Fixed Width Integers

SFML 2 contained various typedefs for fixed width integers. Those are now replaced with the fixed width integers provided in the <cstdint> header from the standard library.

sf::Event

SFML 3 uses std::variant under the hood to implement a totally new, type-safe API for events. There are two main ways to use this new API. Check out the new EventHandling example program to see these methods in practice.

sf::Event::getIf<T>

The first option is based around sf::Event::getIf<T> and sf::Event::is<T>. getIf<T> works by providing a template parameter which must be an event subtype. Event subtypes are types like sf::Event::Resized or sf::Event::MouseMoved. If the template argument matches the active event subtype then a pointer to the data is returned. If that template argument is not the active event subtype then nullptr is returned. sf::Event::is<T> more simply returns true if T matches the active event subtype. is<T> is often used for subtypes like sf::Event::Closed which contain no data. Here's what that looks like:

while (window.isOpen())
{
    while (const std::optional event = window.pollEvent())
    {
        if (event->is<sf::Event::Closed>())
        {
            window.close();
        }
        else if (const auto* keyPressed = event->getIf<sf::Event::KeyPressed>())
        {
            if (keyPressed->scancode == sf::Keyboard::Scancode::Escape)
                window.close();
        }
    }

    // Remainder of main loop
}

Note how the API for getting events has changed slightly. sf::WindowBase::pollEvent and sf::WindowBase::waitEvent now return a std::optional<sf::Event>. These two functions might return an event but they might not. C++ lets you deduce the template parameter which is why you can write const std::optional event instead of const std::optional<sf::Event> event. const auto event is another valid choice if you prefer a more terse expression.

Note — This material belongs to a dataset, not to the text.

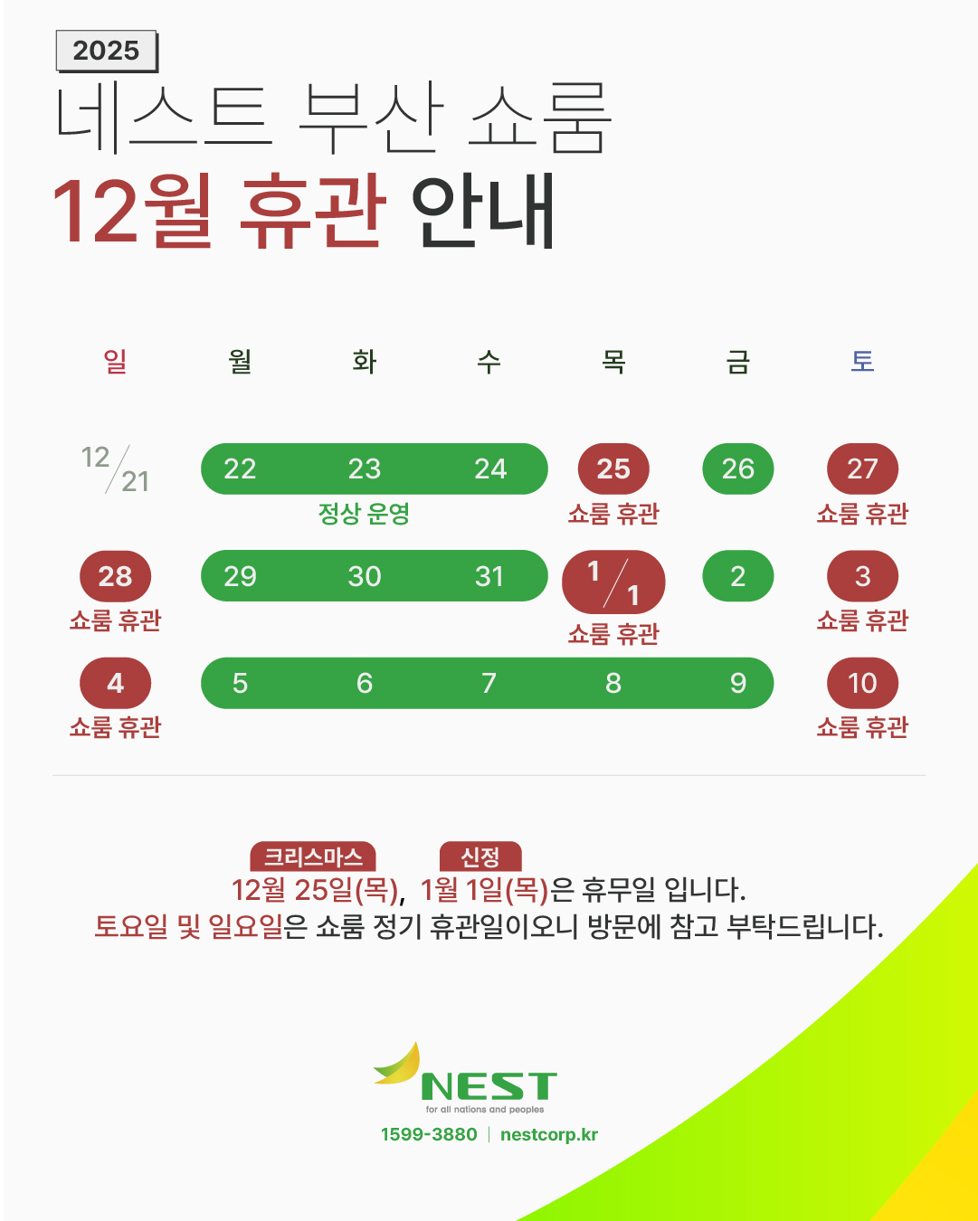 네스트 전시장 2025년 12월 운영 일정표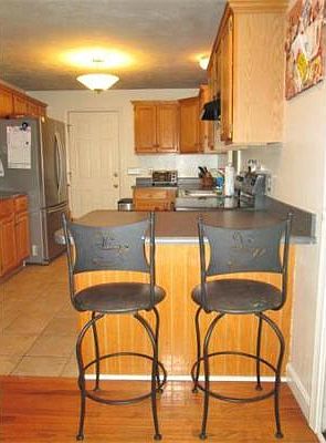 Sought after neighborhood with this nice 3 bedroom Colonial has flexible open floor plan. The dining room is currently used at a playroom and the spacious fireplace living room is used as a living/dining combo with sliders to the deck. Highlights of the home are the gleaming hardwood floors, new berber carpets in the halls and stairways, oak cabinet kitchen with breakfast bar, cathedral ceiling bath with skylight. walk-in master closet with easy access to the attic. The finished basement makes it a great place to entertain and watch the Patriots play in the 16x22 family room with wet bar. Walk out access from the family to the two patios and fenced in yard. The 10x10 storage shed and play yard system will stay. Great commuter access to all major routes.

sf::WindowBase::handleEvents

The second option for processing events is via the new sf::WindowBase::handleEvents function. This functions performs event visitation. What this means is that you can provide callbacks which take different event subtypes as arguments. Alternatively you may provide an object (or objects) with operator() implementations which handle the event subtypes you want to process. Notably you do not have to provide callbacks for all possible event subtypes. Depending on the current active event subtype, the corresponding callback is called. Here's what that looks like:

const auto onClose = [&window](const sf::Event::Closed&)
{
    window.close();
};

const auto onKeyPressed = [&window](const sf::Event::KeyPressed& keyPressed)
{
    if (keyPressed.scancode == sf::Keyboard::Scancode::Escape)
        window.close();
};

while (window.isOpen())
{
    window.handleEvents(onClose, onKeyPressed);

    // Remainder of main loop
}

Window Styles and States

A new sf::State enumeration was added for specifying the state of the window which means whether the window is floating or fullscreen. Here's a before-and-after showing how this affects constructing a window.

v2:

sf::RenderWindow window(sf::VideoMode::getFullscreenModes().at(0), "Title", sf::Style::Fullscreen);

v3:

sf::RenderWindow window(sf::VideoMode::getFullscreenModes().at(0), "Title", sf::State::Fullscreen);

Scoped Enumerations

SFML 3 converts all old style unscoped enumerations to scoped enumerations. This improves the type safety of the interface. This means that the name of the enumeration is now part of the namespace required to access values of that enumeration.

For example, take the enumeration sf::Keyboard::Key. sf::Keyboard::A becomes sf::Keyboard::Key::A. The name of the enumeration now appears as a nested namespace when accessing one of the enumeration's values.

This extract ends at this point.